Шрифт:
Закладка:
Да, он играл иногда для Мии; играл для дочки по ее просьбе. Сегодня он сам захотел взять гитару в руки – решил убедиться, что музыкант в нем не умер.
Бакстер открыл футляр и уставился на инструмент. Его охватило волнение, словно перед дверью, за которой скрывается неизвестность. Хватит ли у него смелости повернуть ручку? О том, чтобы открыть дверь и перешагнуть через порог, он даже не помышлял.
И все же решимость выяснить наконец, жив ли в нем музыкант, заставила его взять гитару за гриф и достать ее из футляра. Воспоминания нахлынули волной, все сразу. Он с группой выходит на сцену, берет со стойки «Мартина» и накидывает ремень на шею. Слышит подбадривающие крики фанатов, которые знают наизусть все песни группы и готовы отправиться с музыкантами в увлекательное путешествие. В этом вся суть – люди пришли, потому что хотят ненадолго вырваться из рутины дней, стать одним целым с артистами на сцене и освободиться от цепких лап жизненных невзгод.
Держа в руках гитару, Бакстер сел на кровать. Шум толпы затих, воспоминания улетучились. Он верил всем сердцем, что мелкие жизненные неурядицы уйдут. Самое главное, с Мией все хорошо. В руках у него гитара, и ребенка ничего не беспокоит. Они сейчас в Испании, и дочь прекрасно себя чувствует. С ней все будет в порядке.
Бакстер положил безымянный палец левой руки на си-бемоль и большим пальцем взял ноту. Ах… вся красота мира в одном звуке с его чертовски прекрасной блюзовой окраской! Осталось потянуть струну, дабы насладиться глубиной звучания и пробудить к жизни музыканта, который прятался где-то внутри.

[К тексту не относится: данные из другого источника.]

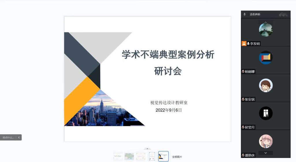 为进一步加强警示教育,引导我院教师树牢学术诚信意识、营造良好学术氛围,9月7日,规划与设计学院组织各教研室召开线上学术不端典型案例分析研讨会,学院领导班子成员及各教研室教师参加会议学习。

Он сыграл незамысловатую мелодию, почти случайный набор нот, и ощутил, как его охватило чувство… радости? От удивления Бакстер открыл рот. Нет, он не потерял заветный ключ к скрытой за дверью великой тайне. Ключ этот висел у него на шее на тончайшем шнурочке, который вот-вот порвется, но до сих пор еще на месте. Личные амбиции в прошлом, Бакстер давно всем все доказал. Он тот, кто он есть. И как же здорово, черт побери, вновь испытать это дурманящее чувство после долгого перерыва.
Хотя Бакстер прекрасно умел перебирать струны пальцами, игра с медиатором давалась ему лучше. Держа на коленях гитару дона Хорхе, он почувствовал томление в правой руке, словно гитара умоляла его поторопиться.
Бакстер с удивительной поспешностью дотянулся до футляра, открыл большой карман и пошарил внутри. Медиаторов там не оказалось. Зато он нашел запасной набор струн, кусачки для ногтей, тюнер и небольшой диктофон.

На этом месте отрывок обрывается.